What to produce:
Where a picture appears, leave it out, and print the rest of the records as they are.

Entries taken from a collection

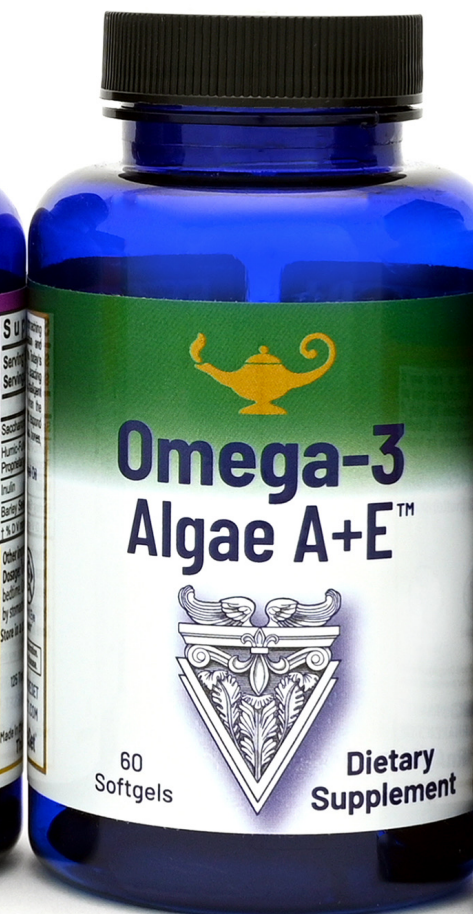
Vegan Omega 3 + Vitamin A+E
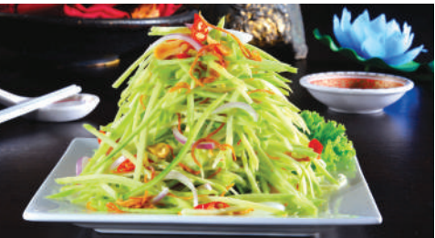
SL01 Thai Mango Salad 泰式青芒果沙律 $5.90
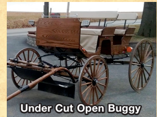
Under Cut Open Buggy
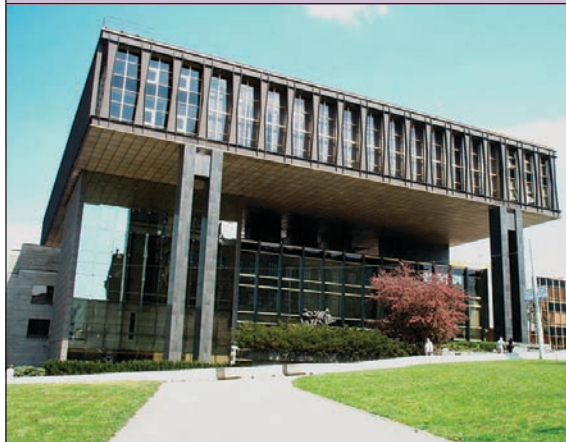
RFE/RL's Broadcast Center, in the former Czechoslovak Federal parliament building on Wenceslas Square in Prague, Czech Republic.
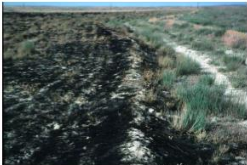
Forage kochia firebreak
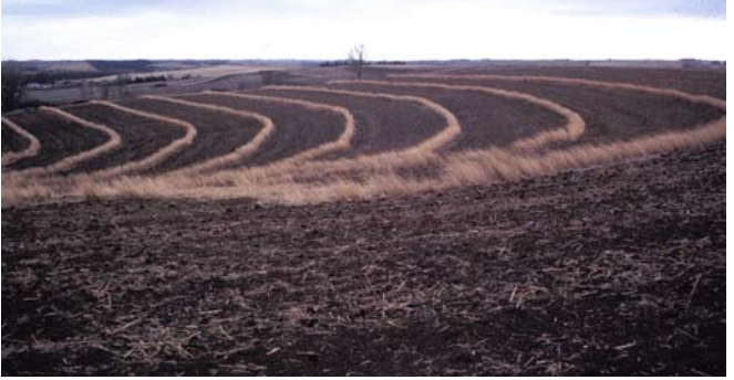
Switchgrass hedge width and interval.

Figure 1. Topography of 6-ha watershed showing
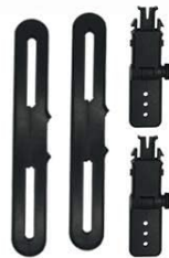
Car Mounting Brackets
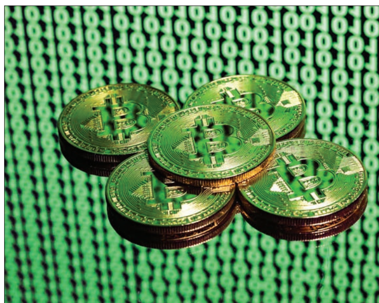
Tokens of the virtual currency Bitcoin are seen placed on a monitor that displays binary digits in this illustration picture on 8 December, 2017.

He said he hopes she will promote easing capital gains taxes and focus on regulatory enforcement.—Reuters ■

Answer for this exercise:
Vegan Omega 3 + Vitamin A+E
SL01 Thai Mango Salad 泰式青芒果沙律 $5.90
Under Cut Open Buggy
RFE/RL's Broadcast Center, in the former Czechoslovak Federal parliament building on Wenceslas Square in Prague, Czech Republic.
Forage kochia firebreak
Switchgrass hedge width and interval.

Figure 1. Topography of 6-ha watershed showing
Car Mounting Brackets
Tokens of the virtual currency Bitcoin are seen placed on a monitor that displays binary digits in this illustration picture on 8 December, 2017.

He said he hopes she will promote easing capital gains taxes and focus on regulatory enforcement.—Reuters ■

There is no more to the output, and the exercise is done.